■ **Exercise aim**
What you write must match, character for character, the lines from the one with "Når I står op" down to the one with "At the same" in the listing below, minus its pictures.

----- Records to process

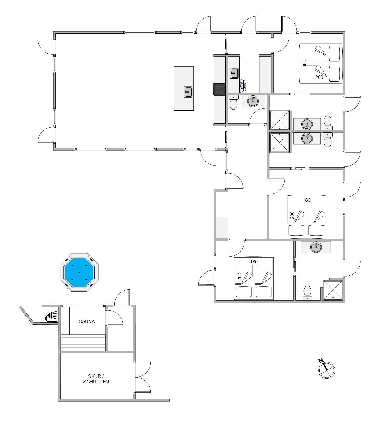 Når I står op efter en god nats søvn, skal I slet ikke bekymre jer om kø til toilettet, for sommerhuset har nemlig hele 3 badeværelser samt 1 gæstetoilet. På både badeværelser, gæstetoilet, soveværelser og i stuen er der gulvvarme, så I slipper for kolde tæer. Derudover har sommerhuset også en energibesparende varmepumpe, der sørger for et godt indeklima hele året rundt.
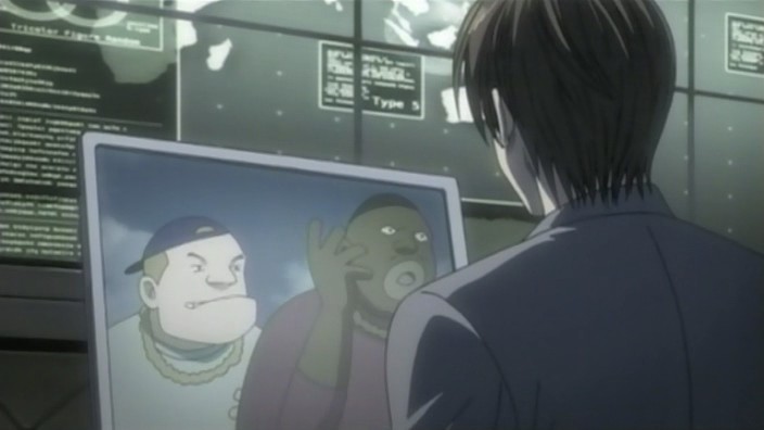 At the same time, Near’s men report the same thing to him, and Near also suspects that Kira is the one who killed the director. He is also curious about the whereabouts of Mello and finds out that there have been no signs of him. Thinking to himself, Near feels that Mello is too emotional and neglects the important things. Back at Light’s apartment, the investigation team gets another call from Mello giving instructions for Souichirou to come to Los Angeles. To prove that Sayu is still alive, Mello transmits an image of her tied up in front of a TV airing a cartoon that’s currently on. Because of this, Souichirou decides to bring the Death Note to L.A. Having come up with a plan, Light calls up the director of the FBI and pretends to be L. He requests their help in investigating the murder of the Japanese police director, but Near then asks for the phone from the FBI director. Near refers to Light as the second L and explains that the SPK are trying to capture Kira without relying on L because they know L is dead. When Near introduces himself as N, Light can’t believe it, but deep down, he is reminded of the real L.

----------
----- Records to process

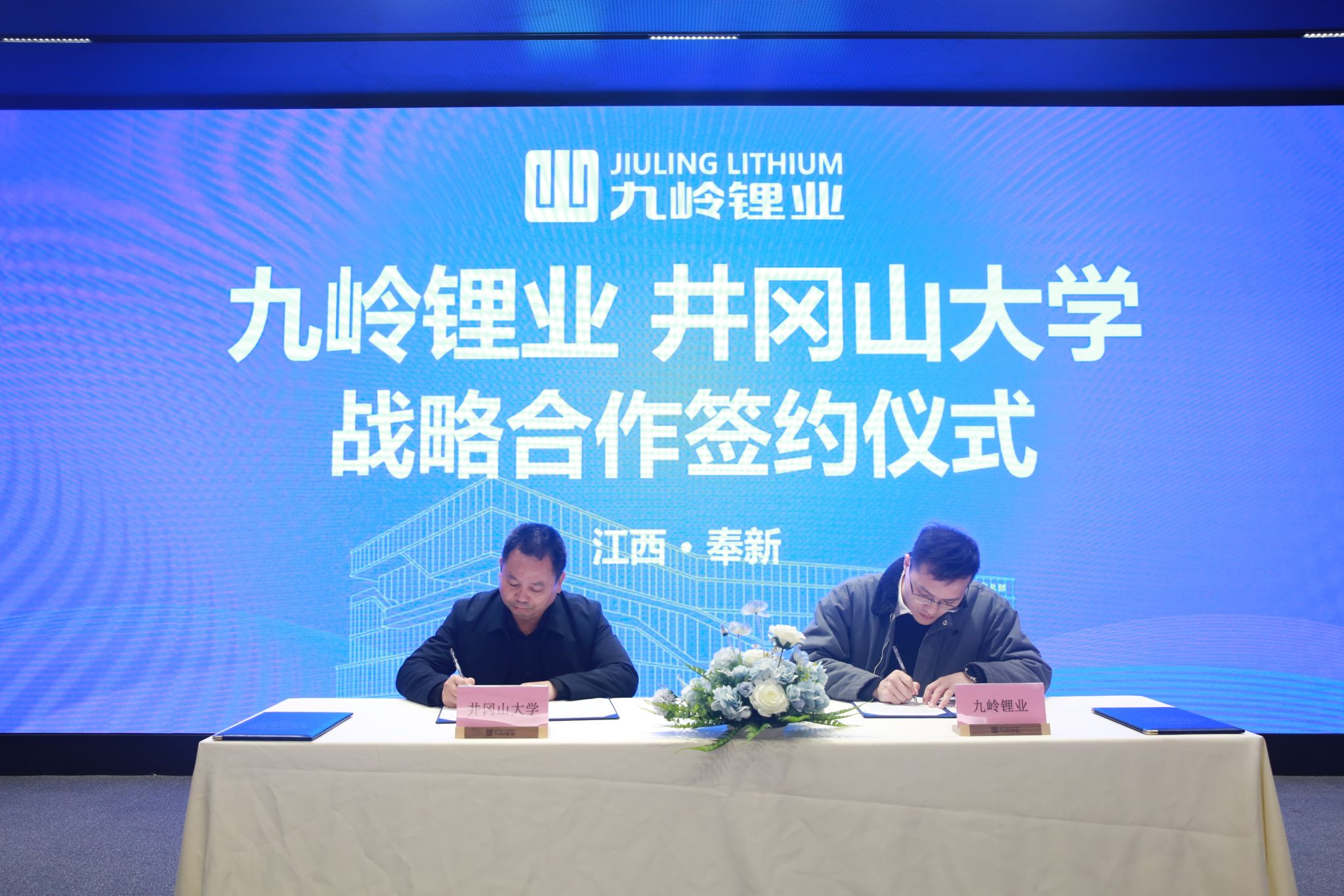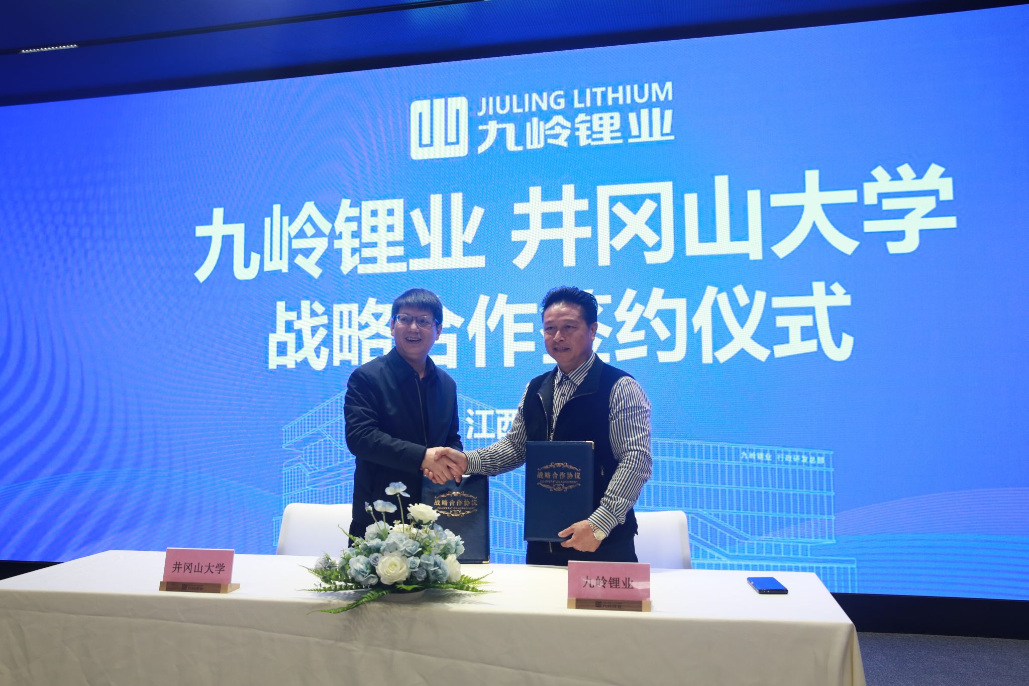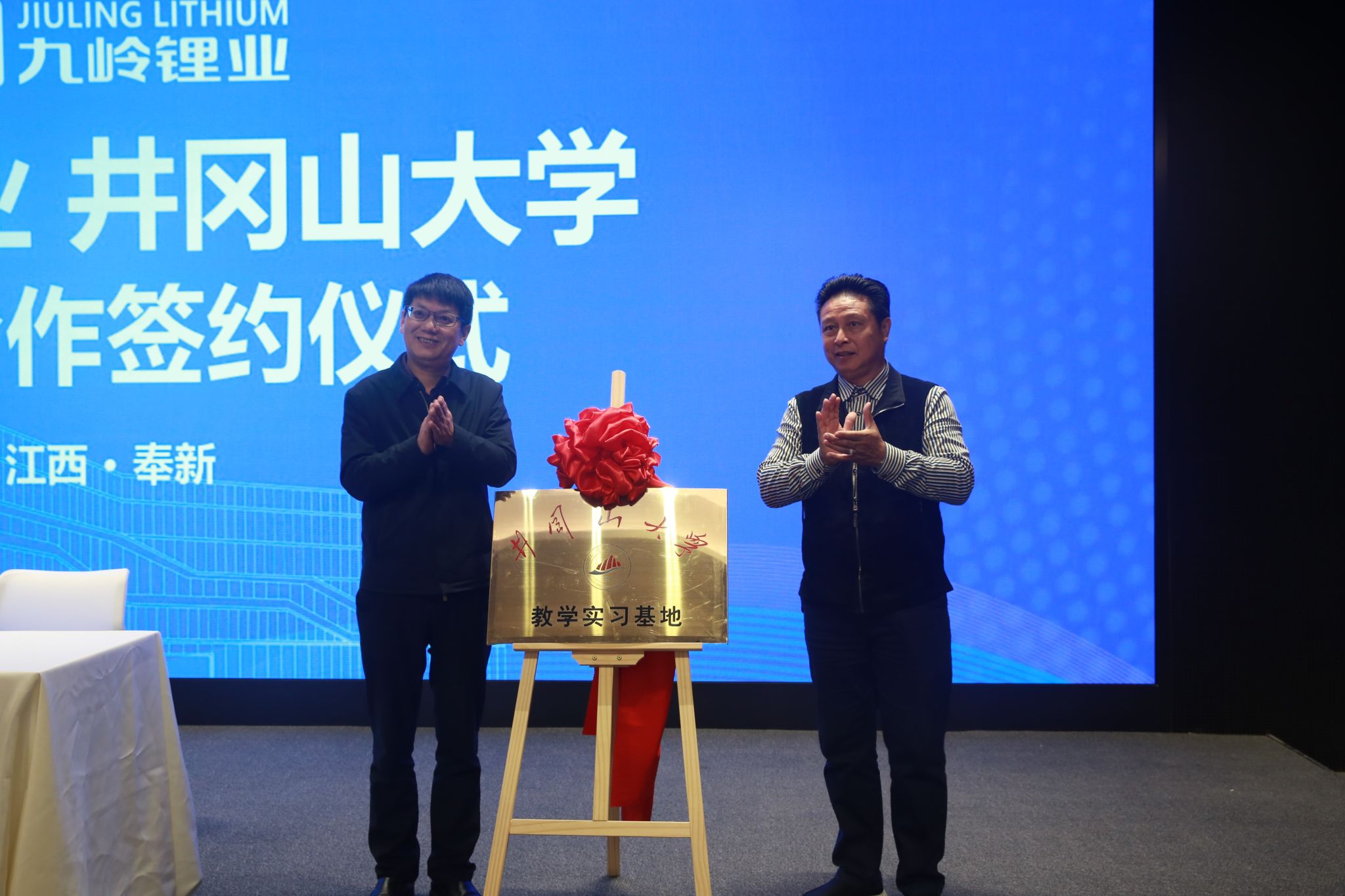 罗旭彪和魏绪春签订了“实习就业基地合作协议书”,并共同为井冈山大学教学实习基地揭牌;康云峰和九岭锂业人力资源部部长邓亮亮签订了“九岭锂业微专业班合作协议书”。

----------

■ **Result below**
 Når I står op efter en god nats søvn, skal I slet ikke bekymre jer om kø til toilettet, for sommerhuset har nemlig hele 3 badeværelser samt 1 gæstetoilet. På både badeværelser, gæstetoilet, soveværelser og i stuen er der gulvvarme, så I slipper for kolde tæer. Derudover har sommerhuset også en energibesparende varmepumpe, der sørger for et godt indeklima hele året rundt.
 At the same time, Near’s men report the same thing to him, and Near also suspects that Kira is the one who killed the director. He is also curious about the whereabouts of Mello and finds out that there have been no signs of him. Thinking to himself, Near feels that Mello is too emotional and neglects the important things. Back at Light’s apartment, the investigation team gets another call from Mello giving instructions for Souichirou to come to Los Angeles. To prove that Sayu is still alive, Mello transmits an image of her tied up in front of a TV airing a cartoon that’s currently on. Because of this, Souichirou decides to bring the Death Note to L.A. Having come up with a plan, Light calls up the director of the FBI and pretends to be L. He requests their help in investigating the murder of the Japanese police director, but Near then asks for the phone from the FBI director. Near refers to Light as the second L and explains that the SPK are trying to capture Kira without relying on L because they know L is dead. When Near introduces himself as N, Light can’t believe it, but deep down, he is reminded of the real L.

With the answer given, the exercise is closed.